Conflict-of-interest statement: The authors declare that they have no conflict of interest.

Data sharing statement: Technical appendix, statistical code, and dataset available from the corresponding author at [13619511768@163.com]. Participants consent for data sharing was not obtained but the presented data are anonymized and risk of identification is low. No additional data are available.

CONSORT 2010 statement: The authors have read the CONSORT 2010 statement, and the manuscript was prepared and revised according to the CONSORT 2010 statement.

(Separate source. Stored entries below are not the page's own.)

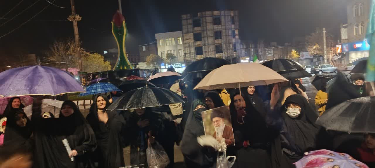 اجتماع امشب مردم ولایتمدار کنگاور حتی باران هم حریف حضور مردم نشد.
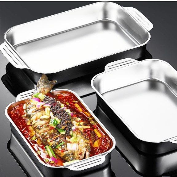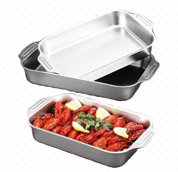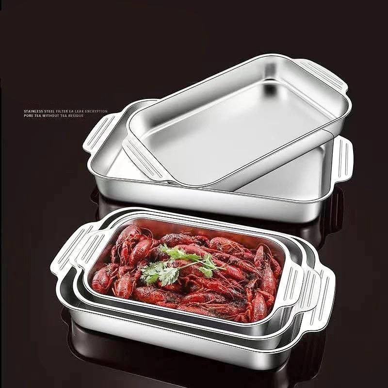 - Stainless steel rectangular oven tray or casserole smooth surfaceAnti-sticking..scald and microwave oven
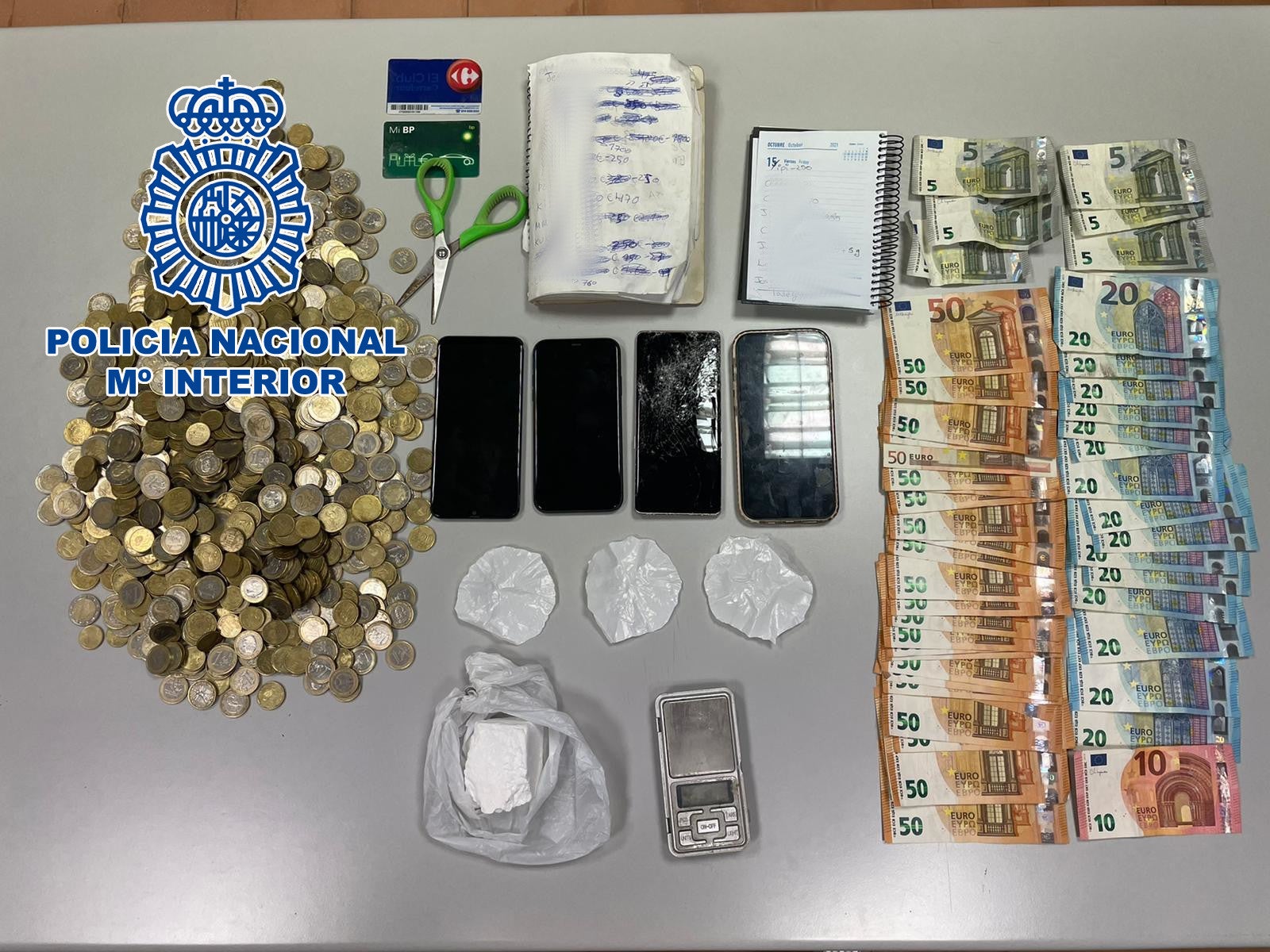 En el registro de la vivienda, los agentes decomisaron 110 gramos de cocaína, una balanza de precisión, cuatro teléfonos móviles, diferente documentación, utensilios para la elaboración, corte y dosificación de droga y 3.000 euros en efectivo.

Open-Access: This article is an open-access article that was selected by an in-house editor and fully peer-reviewed by external reviewers. It is distributed in accordance with the Creative Commons Attribution NonCommercial (CC BY-NC 4.0) license, which permits others to distribute, remix, adapt, build upon this work non-commercially, and license their derivative works on different terms, provided the original work is properly cited and the use is non-commercial. See: https://creativecommons.org/Licenses/by-nc/4.0/

Corresponding author: Xiang-Chun Ding, MD, Doctor, Department of Infectious Disease, General Hospital of Ningxia Medical University, No. 804 Shengli Street, Yinchuan 750004, Ningxia Hui Autonomous Region, China. 13619511768@163.com

Received: December 17, 2023
Peer-review started: December 17, 2023
First decision: December 25, 2023
Revised: January 8, 2024
Accepted: March 4, 2024
Article in press: March 4, 2024
Published online: March 21, 2024
Processing time: 95 Days and 2 Hours

Abstract

BACKGROUND

Hepatitis B cirrhosis (HBC) is a chronic disease characterized by irreversible diffuse liver damage and aggravated by intestinal microbial imbalance and metabolic dysfunction. Although the relationship between certain single probiotics and HBC has been explored, the impact of the complex ready-to-eat Lactobacillus paracasei N1115 (LP N1115) supplement on patients with HBC has not been determined.

AIM

To compare the changes in the microbiota, inflammatory factor levels, and liver function before and after probiotic treatment in HBC patients.

METHODS

This study included 160 HBC patients diagnosed at the General Hospital of Ningxia Medical University between October 2018 and December 2020. Patients were randomly divided into an intervention group that received LP N1115 supplementation and routine treatment and a control group that received routine treatment only. Fecal samples were collected at the onset and conclusion of the 12-wk intervention period. The structure of the intestinal microbiota and the levels of serological indicators, such as liver function and inflammatory factors, were assessed.

RESULTS

Following LP N1115 intervention, the intestinal microbial diversity significantly increased in the intervention group (P < 0.05), and the structure of the intestinal microbiota was characterized by an increase in the proportions of probiotic microbes and a reduction in harmful bacteria. Additionally, the intervention group demonstrated notable improvements in liver function indices and significantly lower levels of inflammatory factors (P < 0.05).

CONCLUSION

LP N1115 is a promising treatment for ameliorating intestinal microbial imbalance in HBC patients by modulating the structure of the intestinal microbiota, improving liver function, and reducing inflammatory factor levels.

Keywords: Hepatitis B cirrhosis; N1115 ready-to-eat lactobacillus; Inflammation; Liver function; Lachnospiraceae incertae sedis; Probiotic

Core Tip: Intestinal microbial imbalance and metabolic dysfunction may accelerate the process of liver cirrhosis. We explored the role of probiotic intervention in patients with hepatitis B cirrhosis in this study. After an intervention with the N1115 ready-to-eat Lactobacillus supplement, we found the following significant changes: an increase in gut microbial diversity, structural changes in the microbiota favoring the growth of probiotic microbes, improvements in liver function, and decreases in inflammatory factor levels. We conclude that supplementation with the N1115 ready-to-eat Lactobacillus product may be a beneficial intervention in patients with cirrhosis.